May i know the average size of an audio that is extracted from 1-hour video? Because when i am converting a 1-hour video to mp3 it has an average size of 120mb. I wonder what is the size of an extracted audio compared to mp3. Thank you for your explanation btw.
Depends entirely on the bitrate used to encode the original audio. What matters most is the quality of the audio. With equal size, between mp3, m4a(aac) and opus, opus will sound closer to the original, followed by aac, followed by mp3.
And if you encode the original audio to either of those 3 format, you're going to lose some quality which could affect the ability of whisper to recognize voice(but in practice it doesn't seem to have much effect, although it's hard to tell with the randomness of it).
That's why I recommend keeping the audio as-is and just separating it from the video, you get the best possible quality this way and as a bonus, the size is usually smaller than if you use quality settings for mp3s.

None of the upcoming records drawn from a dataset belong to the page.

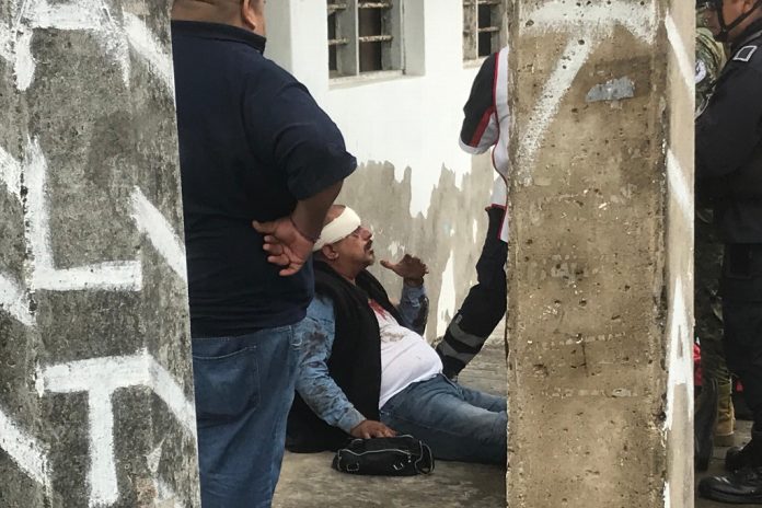 El acusado presentaba varios golpes en rostro y cuerpo, por lo que tuvo que ser atendido por la Cruz Roja Mexicana y llevarlo a una clínica.
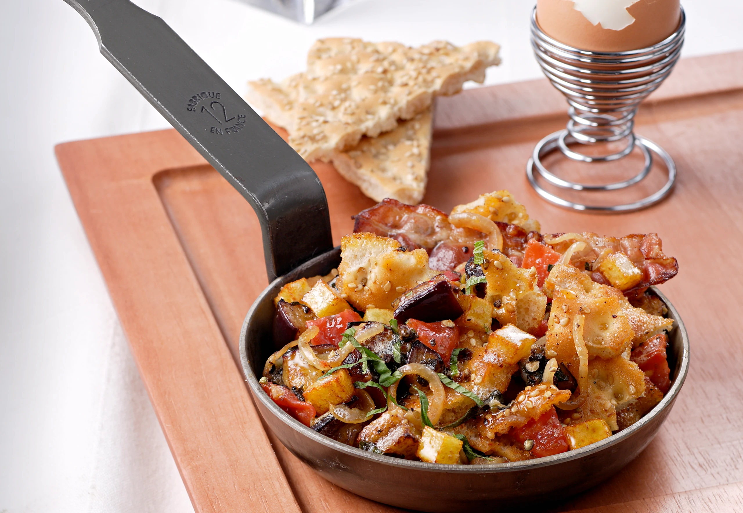 Knäckebrot und Erdäpfel in Butter braten, Melanzanigemüse und Minze unterheben. Gröstl mit Rahm garniert servieren.
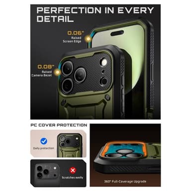 Supcase Unicorn Beetle Pro mobilskal är konstruerad för att möta de högsta standarderna och ger din mobiltelefon det bästa skyddet. Med en stötabsorberande baksida av polykarbonat och med kanter av TPU och en framsida av polykarbonat så erbjuder detta mobilskal ett skydd av militärklass mot repor, stötar och fall. Supcase har vunnit CNET:s första pris genom olika tester med att släppa skalet från olika höjder utan att gå sönder. Supcase har även erhållit det amerikanska militärcertifikatet MIL-STD 810G-516.6. Mobilskalet har ett integrerat ställ som kan fällas ut vid behov. Det medföljer även en praktisk bältes hållare som gör att du kan fästa skalet i livremmen.
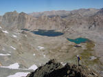 We retraced our steps down Starr's Route. Rick decided to bail off the class 2 route from the ridge on the lower half while Jeff and I continued down the class 3 to the toe where we'd started in the morning. Coming upon the bit of class 4 we'd taken in the morning, we found a more reasonable way around that stretch. A short distance ahead of the others during the descent, I heard voices wafting up from below. When I could get a clear view down to the basin, I could see a party of four resting on the grassy slopes of the Davis Lakes Basin, not far from the toe. Once back down the route I recrossed the moat (getting more pics of Jeff who'd caught up by now), then across the snow and down the slopes to those below. We stopped to chat with them, finding that they had camped near Wanda Lake and come up for an attempt at Goddard. They said they had climbed half of the route before turning around, unable to find a class 2 continuation. The exit ramp seemed to be the key piece they had missed. They were of course surprised to find out we were dayhiking the peak, one their party asking three times where we were camped because he kept thinking he misheard us. Upon leaving them, they called out for one last question, "One of you wouldn't happen to be Bob, would you?" We laughed, particularly after he mentioned the Wall Street Journal article. "You read that?" I asked incredulously. It had been printed only four days earlier, and here was a guy we ran into far into the backcountry who reads the Wall Street Journal. They seemed excited to actually see me in the flesh, raising their hands in cheer. And so we left them.
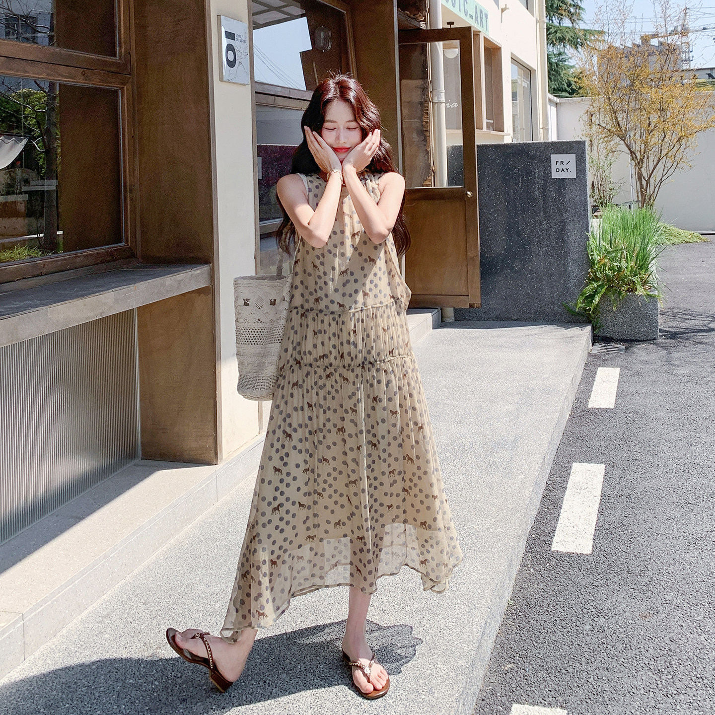 连衣裙女夏A字长裙显瘦气质258 278 度假风小马波点无袖 4.3法式由

To answer your question more directly, these days, I see either 192Kbps aac audio in most HD releases which would be about 87MB per hour if I did my math right or 128Kbps which would be 54MB and also the most common bitrates you'll encounter for any audio from ripped movies.
Sounds like you're using 256Kbps for your mp3s which would be around 115MB with the same math which is bigger than most audio I've seen, it rarely goes above 192Kbps(for ripped content, DVD/BluRay audio is much bigger).
I use 128Kbps opus for my own encodes for the quality version(which is of similar quality than your mp3 but only half the size) and 64Kbps for the small version.